Those warnings are a sign that the developers invoking those methods failed to pay attention to the return types. The fact that there are lots of them means that failure was repeated lots of times.

The question to be asking is why, when the library offers a return type guaranteed to work right every time (size_type in the case of vector.size()), did the callers use something else? To put a finer, folksier point on it, why did they bring a five-pound bag when they knew full well someone might ask them to stuff ten pounds of something into it?

There are legitimate cases where you may well have a larger integer on hand that needs to be stuffed into a smaller space. When you encounter those situations, there are measures you can take to make sure it happens safely and without a compiler warning.

Now, this made me wonder, purely on a conceptual level, does this compiler warning actually make any sense for the 64bit size_t => 32bit type?
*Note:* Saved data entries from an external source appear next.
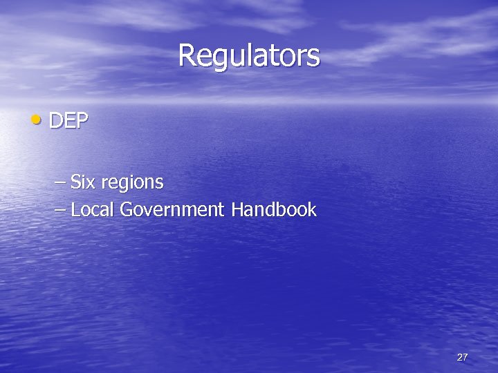 Regulators • DEP – Six regions – Local Government Handbook 27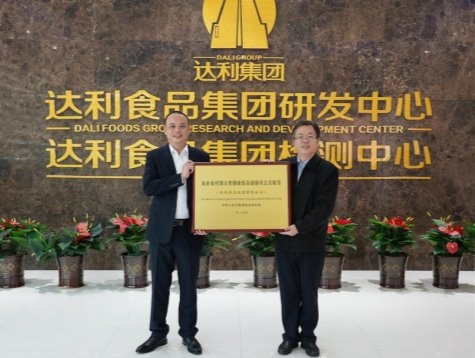 达利食品集团生产副总裁陈伟军和农业农村部食物与营养发展研究所所长王凤忠合影
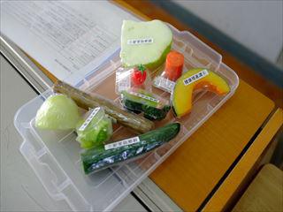 「野菜の栄養素を調べよう」では、1人1台ずつ計算機を渡してもらい、各野菜に栄養素が何パーセント含まれているのか計算していました。 算数で学んだ百分率の計算。みんな四苦八苦していました。 |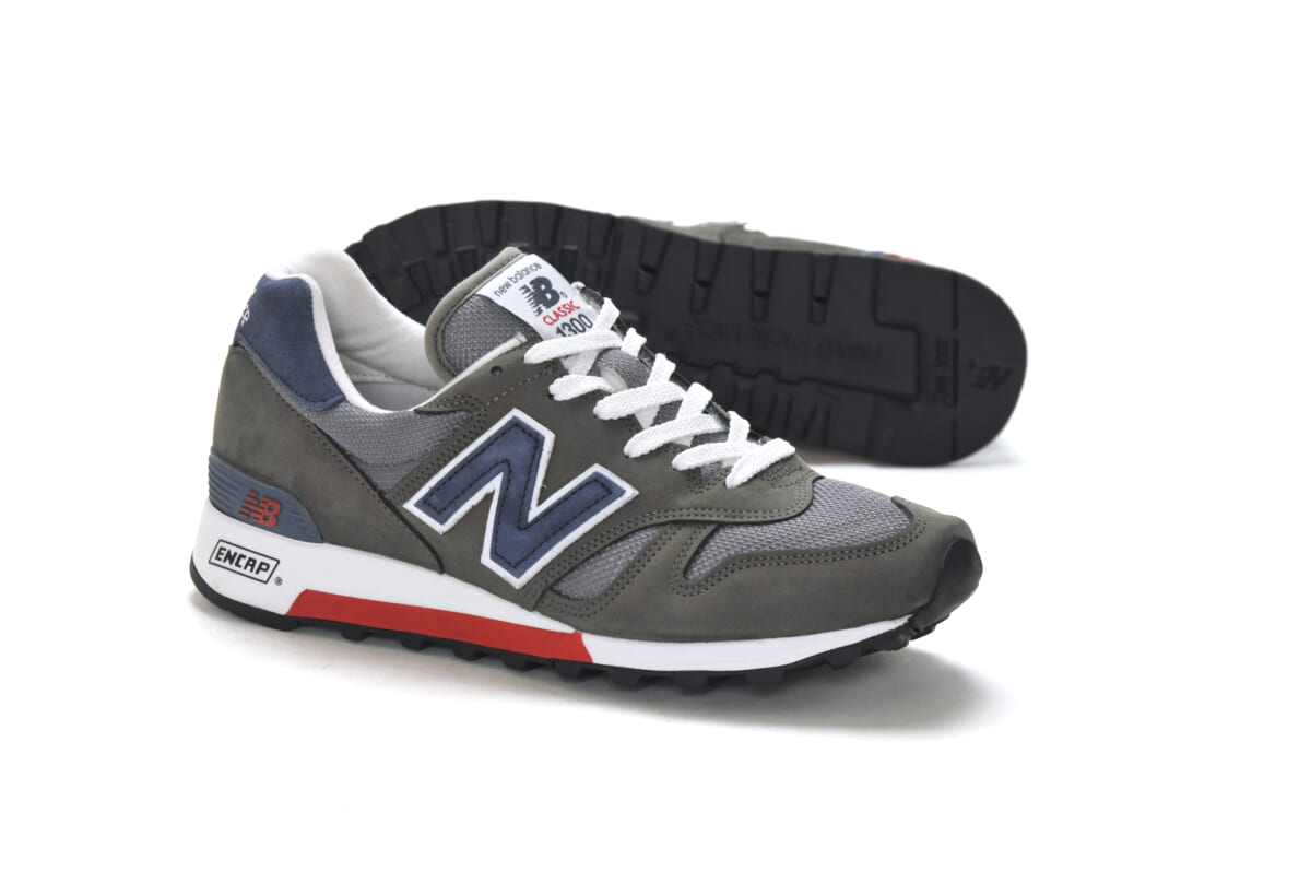M1300はその優れたクッション性や、ブランドを象徴するグレーカラー、オーセンティックなデザイン、そしてクオリティの高いヌバックレザーとメッシュのコンビネーションが、当時のランナーだけでなくファッションシーンや多くの文化人からも注目を集め、その履き心地が称賛されました。アメリカで130ドル、日本では3万9000円という当時のランニングシューズ市場では類を見ない価格も話題を呼んだモデル。その派生モデルがM1300CLです。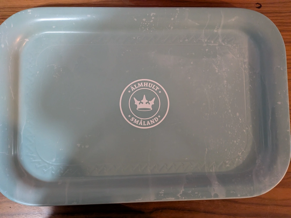 Selling a light blue serving tray with the Älmhult Småland logo. It's perfect for serving snacks or drinks. It has some signs of use, but is still in good condition for everyday use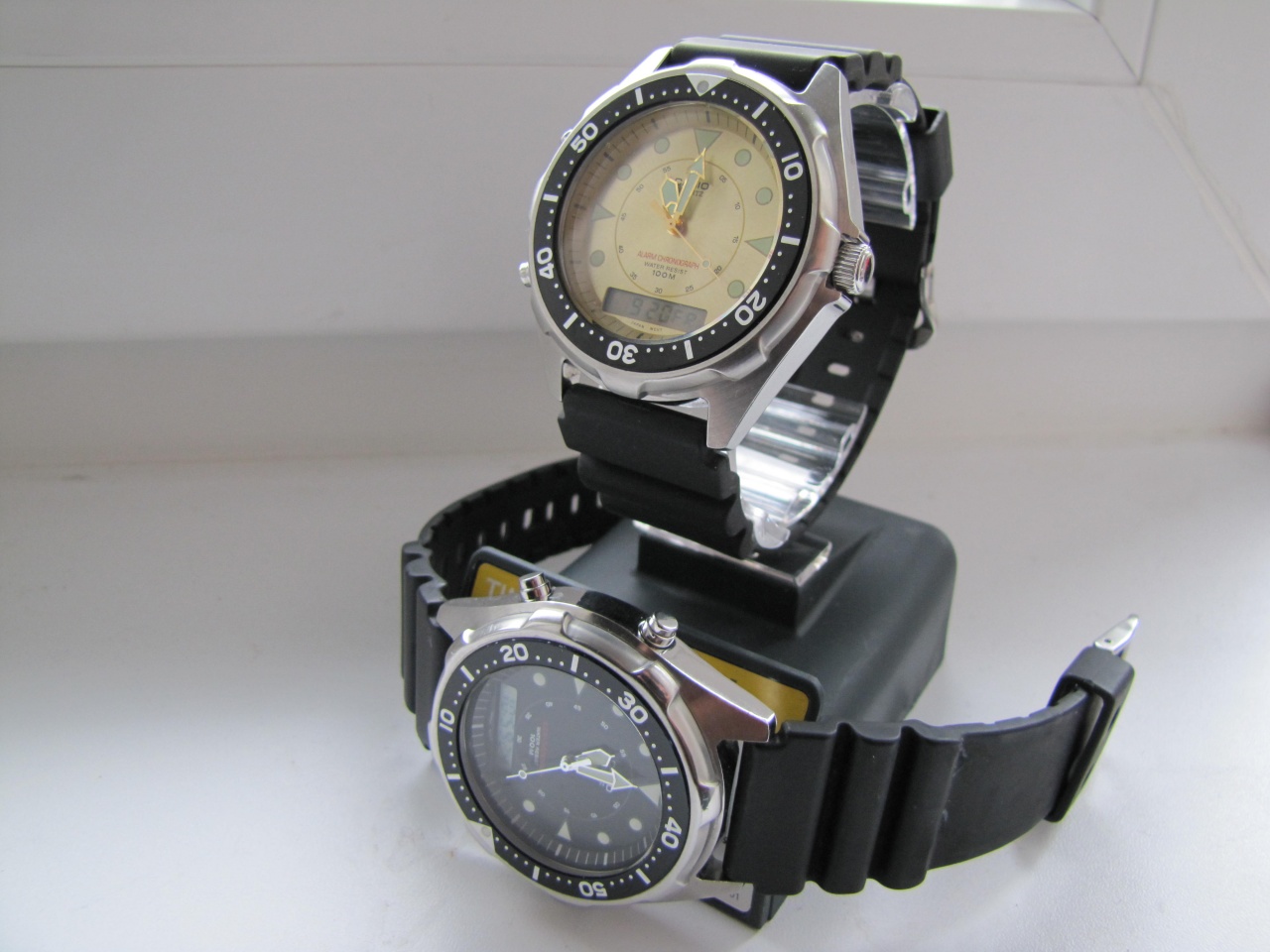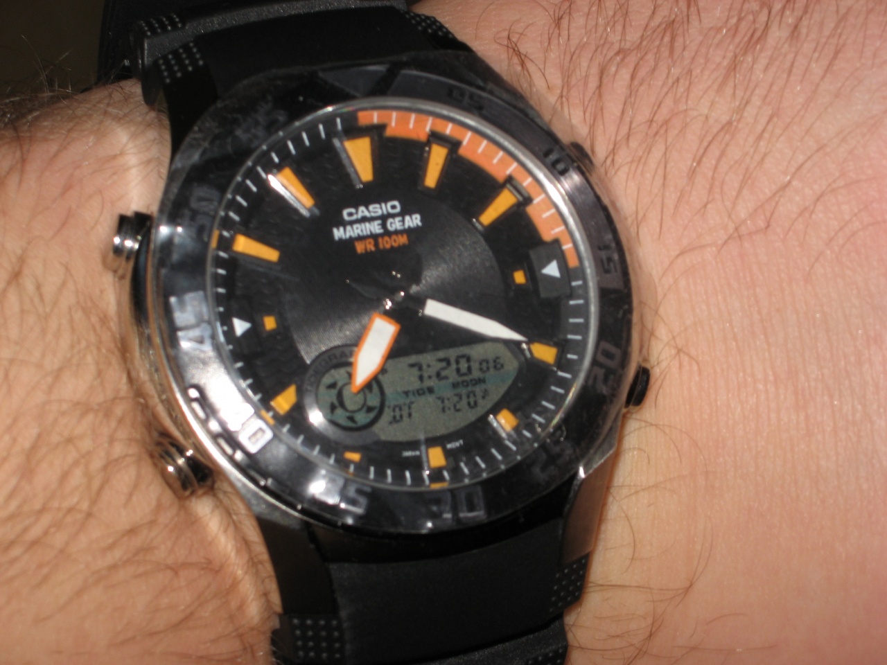 Итак, значит, решил часы себе обновить. Раз Касио у меня уже есть и они меня устраивают по надёжности и точности хода, решил не изменять марке. И хотел кварц, с будильником. Так уж вышло, что понравились мне 2 модели, и обе оказались в морском дизайне.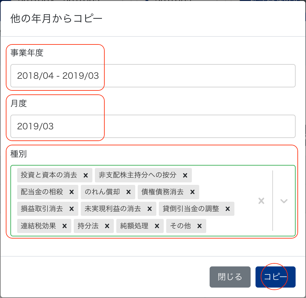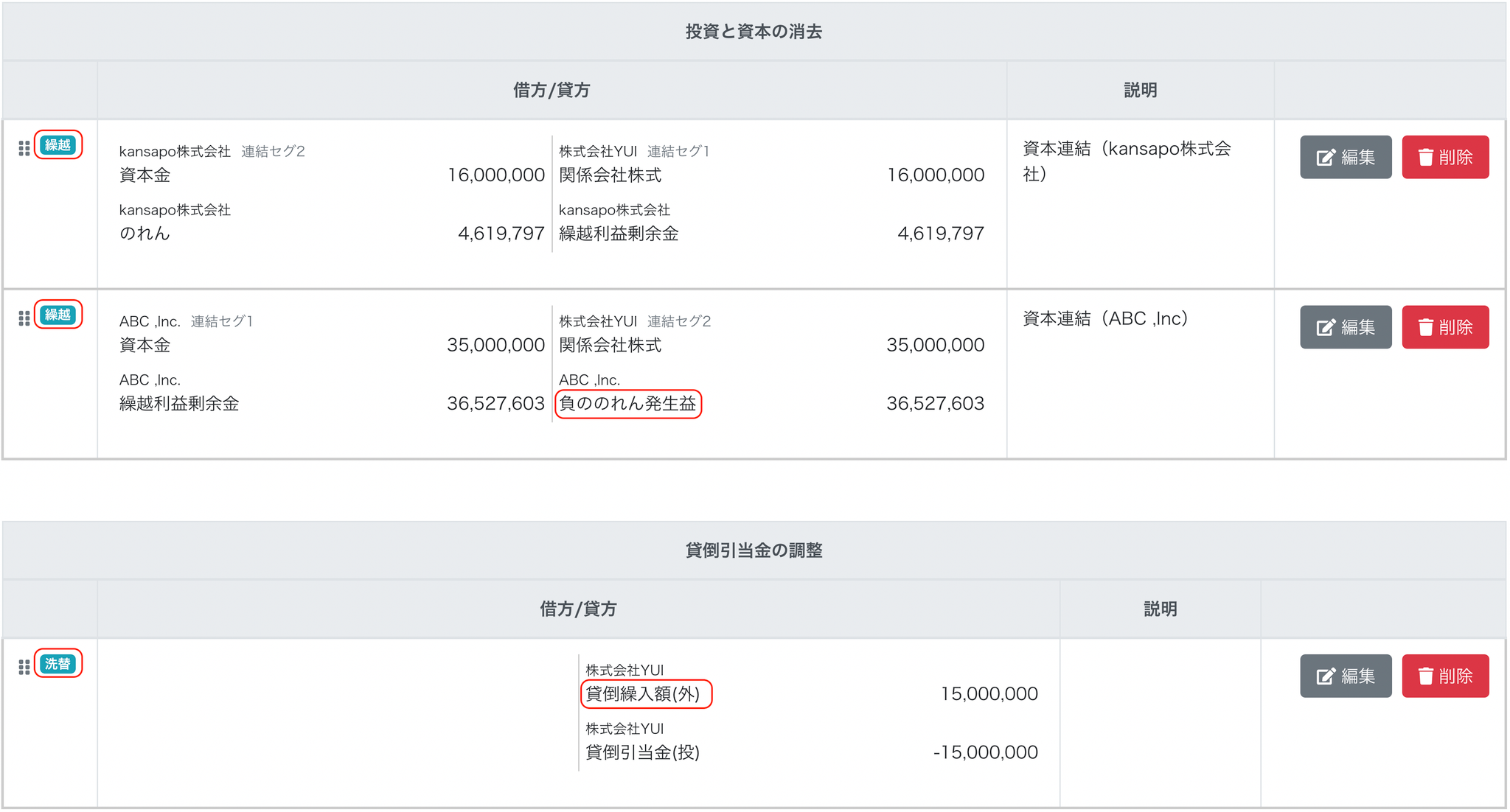 | 仕訳種別 | 必須 | プルダウンより選択(のれん償却、など) | プルダウンより選択(未実現利益の消去、など) |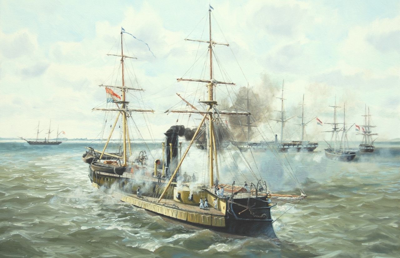 Hr.Ms. Schorpioen tijdens manoeuvres in het Marsdiep omstreeks1870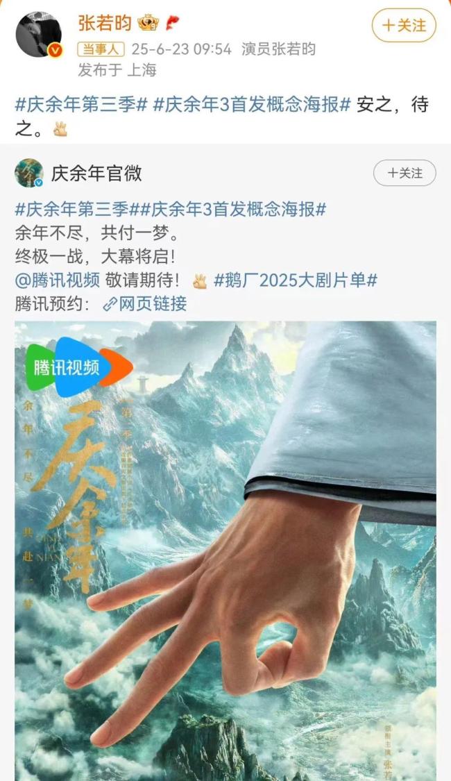 6月23日中午,“张若昀发文回应庆余年3”的词条登上热搜榜首。当天,《庆余年》官方账号发布了《庆余年3》的概念海报,并配文:“余年不尽,共付一梦。终极一战,大幕将启!”随后,男演员张若昀转发了这条微博,并表示“安之,待之”。

If you're writing conceptual code, it doesn't matter a bit. None of the code in my systems is conceptual, and compilers are tools for handling real code you intend to run. For that, it matters a lot.

Do you want your programs to sprout bugs?

size_t func() { return 4294967296; }
uint32_t returned;
returned = func();
if ( returned == 0 ) {
    // This block will be executed.  FAIL.
}

How about security problems?

BugHugeThing thing;
uint32_t how_big = sizeof thing;
BigHugeThing *other_thing = malloc(how_big);
// ...elsewhere...
memcpy(other_thing, &thing, sizeof *other_thing);  // Buffer overflow.  FAIL.

...truncating these values from 64bit to 32bit will produce erroneos results IFF the size in question > 4G. That's a lot, I mean really a lot for real world data counts.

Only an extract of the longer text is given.